This is a work of fiction. All the characters and events portrayed in this novel are either fictitious or are used fictitiously.

For Betty Anne, as always




We were actually on our way home when it happened. We didn't have any doubt that that was where we were going, and we were, boy, ready. We had been months and months in the captivity of a weird alien creature from another world, the one we called Dopey. He was alien, all right. He looked sort of like a large chicken with a kitten's face and a peacock's tail, and he had kidnapped the lot of us-snatched us right out of the old Starlab astronomical satellite and thrown us into some kind of space-traveling machine that whisked us from hereto some unbelievably distant there in no time at all. And there was where Dopey kept us, in one damn miserably uncomfortable prison or another, on this unpleasant planet we had never heard of before.

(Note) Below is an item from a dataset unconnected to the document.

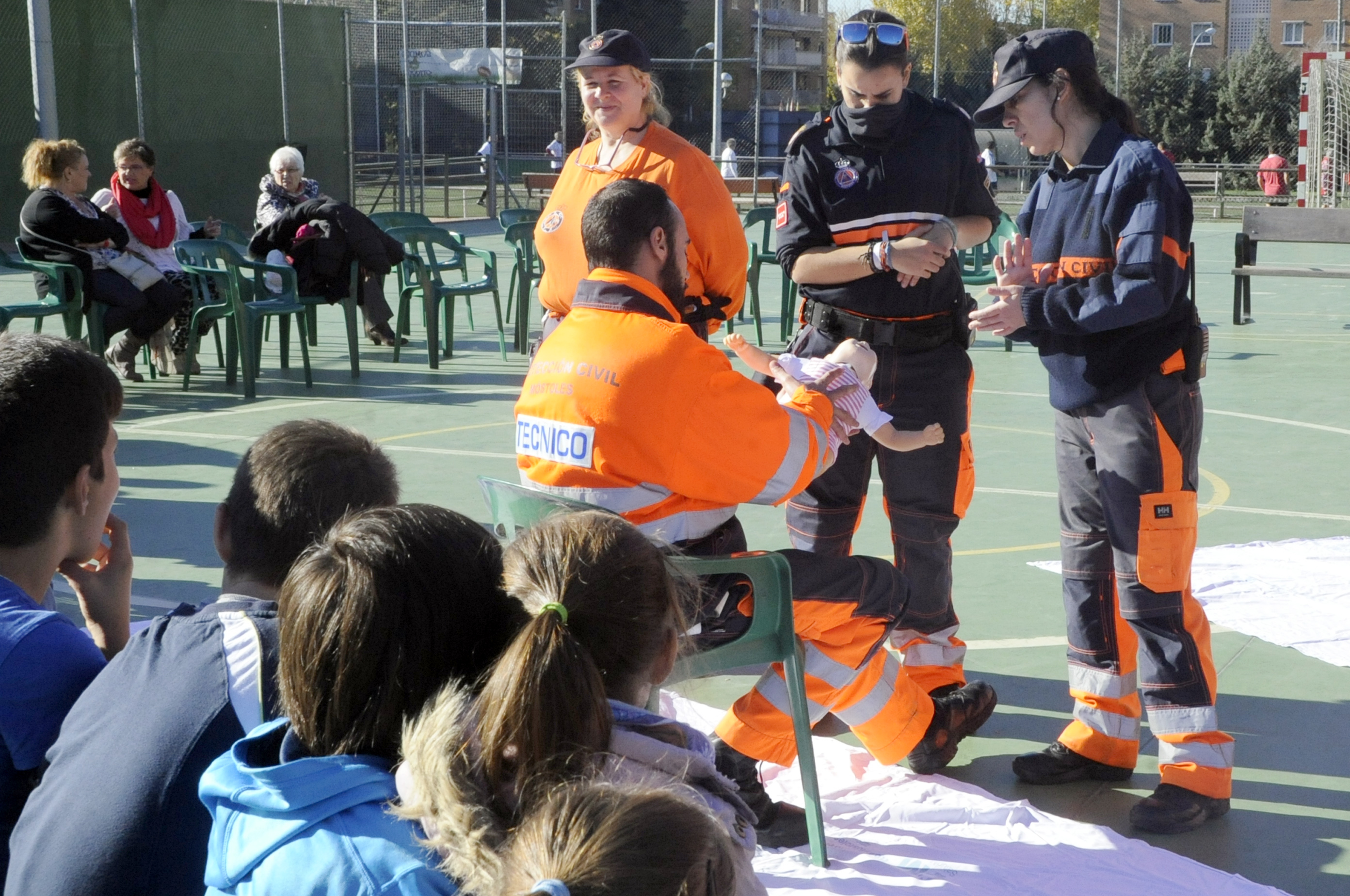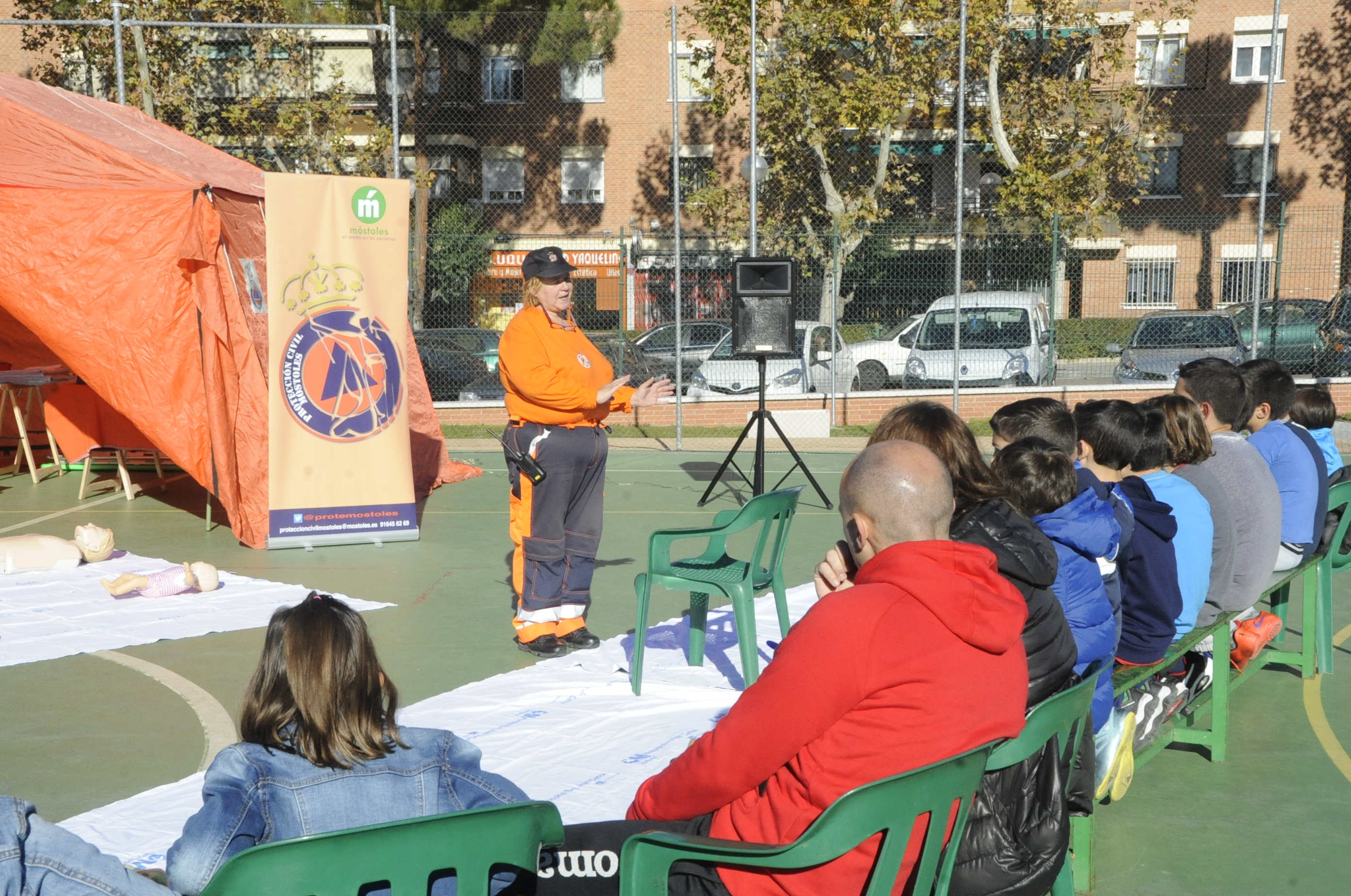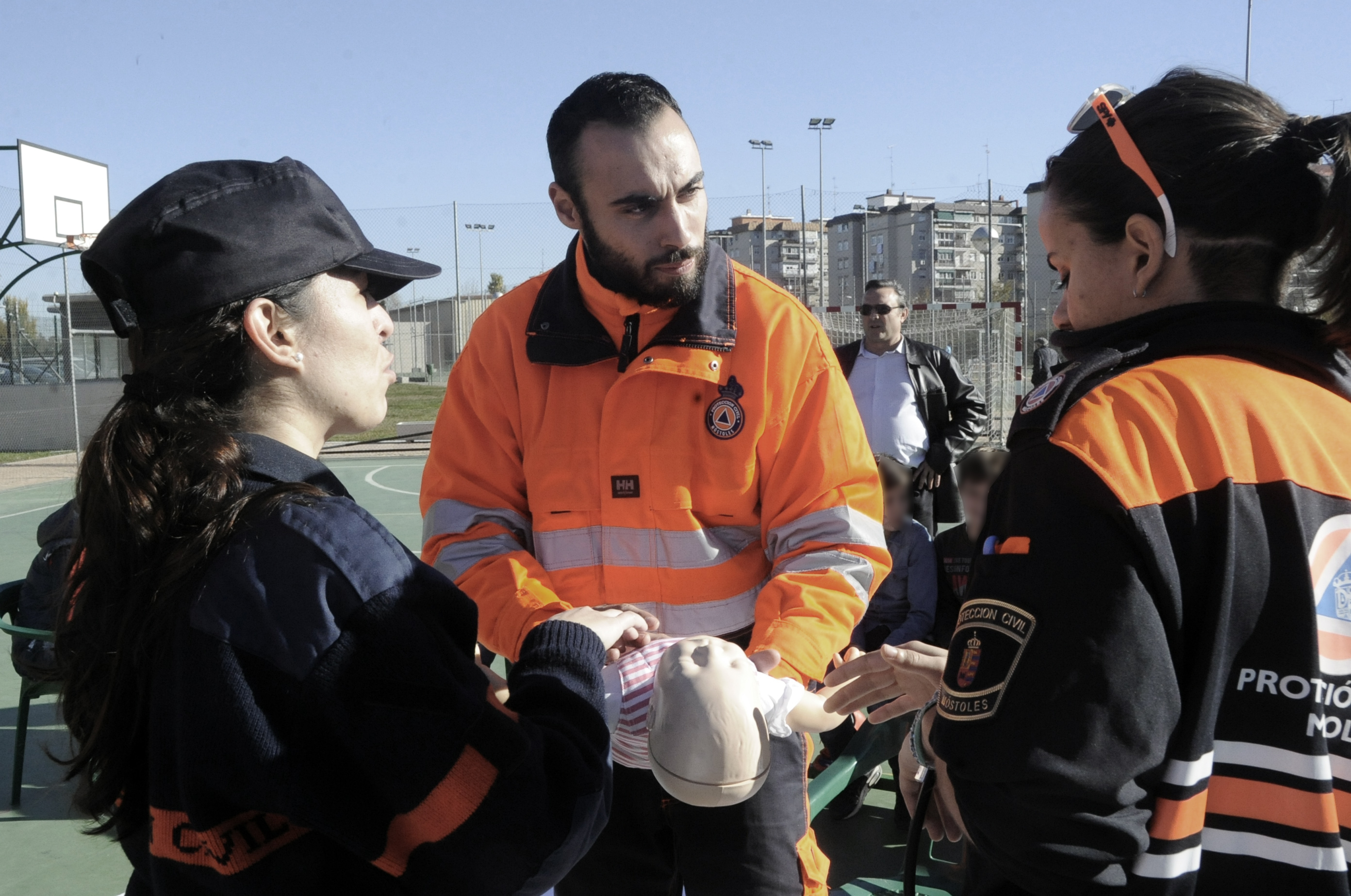 Dentro de las actividades didácticas que lleva a cabo la Agrupación de Protección Civil de Móstoles, con el objeto de que los vecinos puedan conocer de primera mano la labor que desarrolla, ayer domingo realizó una demostración de atención en primeros auxilios en las instalaciones del Club Deportivo Estoril II, donde asistió el Concejal de Deportes, Agustín Martín Cortés.

That was a truly nasty experience, but, the way it looked to us at the time, it was over! Against the odds, we had escaped! Our chance to get away came when some rival gang of nonhumans, these ones called the 'Horch,' invaded our prison planet. In the confusion we fought our way to the matter-transmitter thing, and jumped in, and were on our way home. I was the last to climb into the machine…

And I saw the pale lavender flash that meant it was working…

And I came out again…

But I wasn't home at all. The place I was in didn't look at all like Starlab. A pair of those silvery-spidery Horch wheeled fighting machines that had been trying to kill us were standing there, not half a dozen meters away. This time they weren't shooting at me, though. If they had been, I couldn't have shot back, because something I couldn't see grabbed me from behind-no, enveloped me, in an all-points hug that didn't let me move a muscle-as I heard the machine's door open again.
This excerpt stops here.